» WORK ORDER: Transcribe exactly the entries from the "Card created in" line to the end, both included, minus pictures.

» RECORD EXTRACTS:
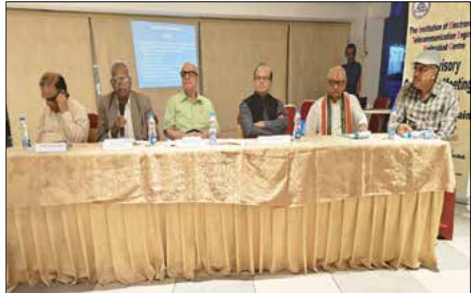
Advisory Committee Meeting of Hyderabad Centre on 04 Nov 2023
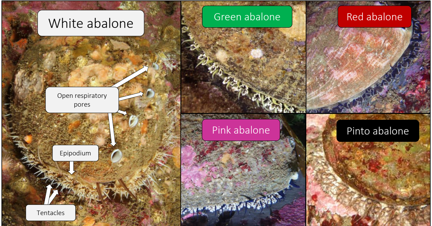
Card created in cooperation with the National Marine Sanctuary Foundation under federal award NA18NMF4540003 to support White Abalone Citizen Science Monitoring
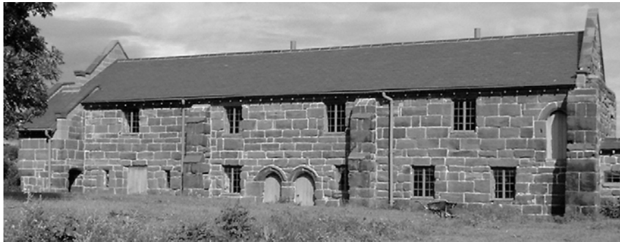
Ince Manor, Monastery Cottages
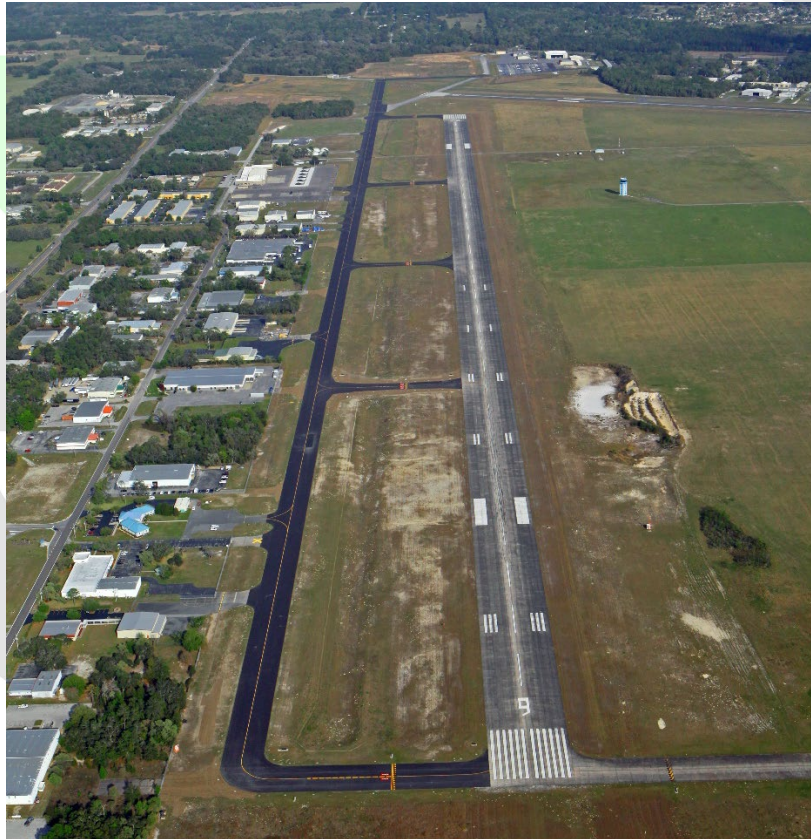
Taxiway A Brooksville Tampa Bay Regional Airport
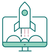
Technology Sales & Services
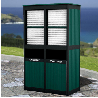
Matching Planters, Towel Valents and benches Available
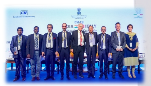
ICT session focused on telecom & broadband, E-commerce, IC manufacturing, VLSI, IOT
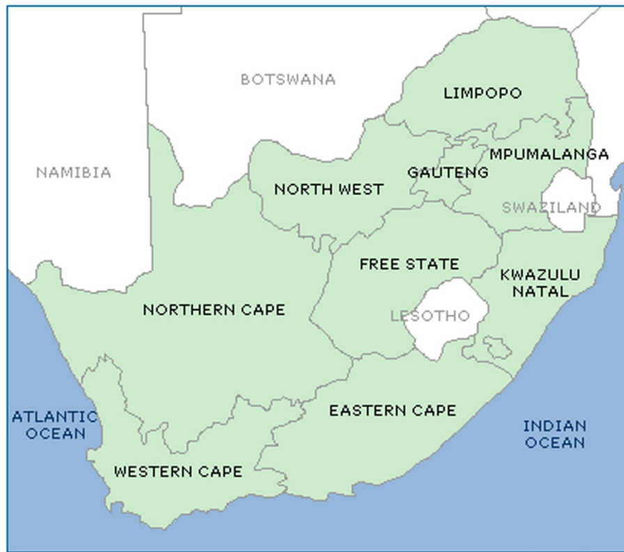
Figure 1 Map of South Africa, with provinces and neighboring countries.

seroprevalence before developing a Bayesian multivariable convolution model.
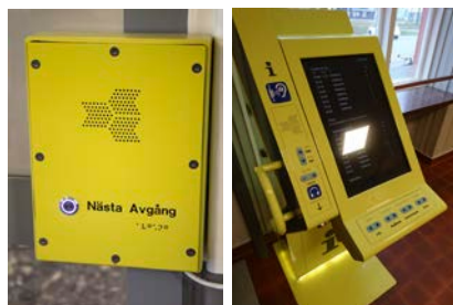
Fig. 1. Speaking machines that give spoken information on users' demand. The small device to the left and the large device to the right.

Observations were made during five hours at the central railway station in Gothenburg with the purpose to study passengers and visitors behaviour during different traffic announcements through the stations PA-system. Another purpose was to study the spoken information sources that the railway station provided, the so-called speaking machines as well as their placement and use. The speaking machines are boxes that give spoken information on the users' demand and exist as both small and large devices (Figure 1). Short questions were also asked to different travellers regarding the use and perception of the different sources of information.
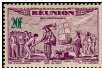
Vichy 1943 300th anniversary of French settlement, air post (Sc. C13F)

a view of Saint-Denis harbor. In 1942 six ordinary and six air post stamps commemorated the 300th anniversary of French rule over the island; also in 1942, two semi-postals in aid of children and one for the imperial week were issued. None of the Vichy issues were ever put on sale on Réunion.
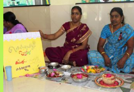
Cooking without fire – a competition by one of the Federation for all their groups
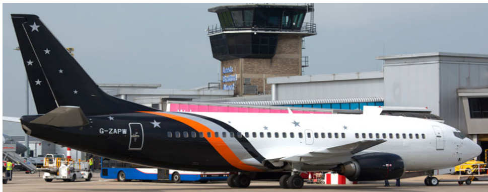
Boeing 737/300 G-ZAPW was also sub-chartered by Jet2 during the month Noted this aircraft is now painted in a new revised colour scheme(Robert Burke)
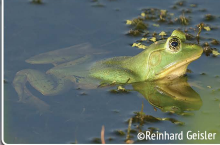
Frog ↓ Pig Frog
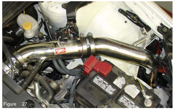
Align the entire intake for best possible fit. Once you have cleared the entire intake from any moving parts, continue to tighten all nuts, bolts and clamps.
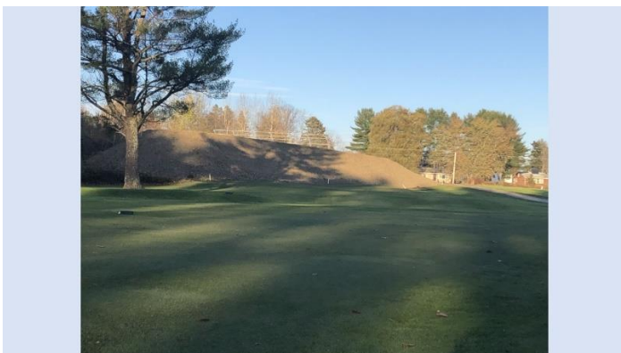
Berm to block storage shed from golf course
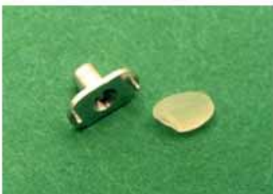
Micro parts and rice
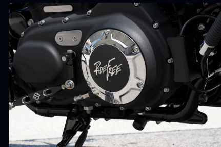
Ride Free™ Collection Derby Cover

» YOUR SOLUTION:
Card created in cooperation with the National Marine Sanctuary Foundation under federal award NA18NMF4540003 to support White Abalone Citizen Science Monitoring
Ince Manor, Monastery Cottages
Taxiway A Brooksville Tampa Bay Regional Airport
Technology Sales & Services
Matching Planters, Towel Valents and benches Available
ICT session focused on telecom & broadband, E-commerce, IC manufacturing, VLSI, IOT
Figure 1 Map of South Africa, with provinces and neighboring countries.

seroprevalence before developing a Bayesian multivariable convolution model.
Fig. 1. Speaking machines that give spoken information on users' demand. The small device to the left and the large device to the right.

Observations were made during five hours at the central railway station in Gothenburg with the purpose to study passengers and visitors behaviour during different traffic announcements through the stations PA-system. Another purpose was to study the spoken information sources that the railway station provided, the so-called speaking machines as well as their placement and use. The speaking machines are boxes that give spoken information on the users' demand and exist as both small and large devices (Figure 1). Short questions were also asked to different travellers regarding the use and perception of the different sources of information.
Vichy 1943 300th anniversary of French settlement, air post (Sc. C13F)

a view of Saint-Denis harbor. In 1942 six ordinary and six air post stamps commemorated the 300th anniversary of French rule over the island; also in 1942, two semi-postals in aid of children and one for the imperial week were issued. None of the Vichy issues were ever put on sale on Réunion.
Cooking without fire – a competition by one of the Federation for all their groups
Boeing 737/300 G-ZAPW was also sub-chartered by Jet2 during the month Noted this aircraft is now painted in a new revised colour scheme(Robert Burke)
Frog ↓ Pig Frog
Align the entire intake for best possible fit. Once you have cleared the entire intake from any moving parts, continue to tighten all nuts, bolts and clamps.
Berm to block storage shed from golf course
Micro parts and rice
Ride Free™ Collection Derby Cover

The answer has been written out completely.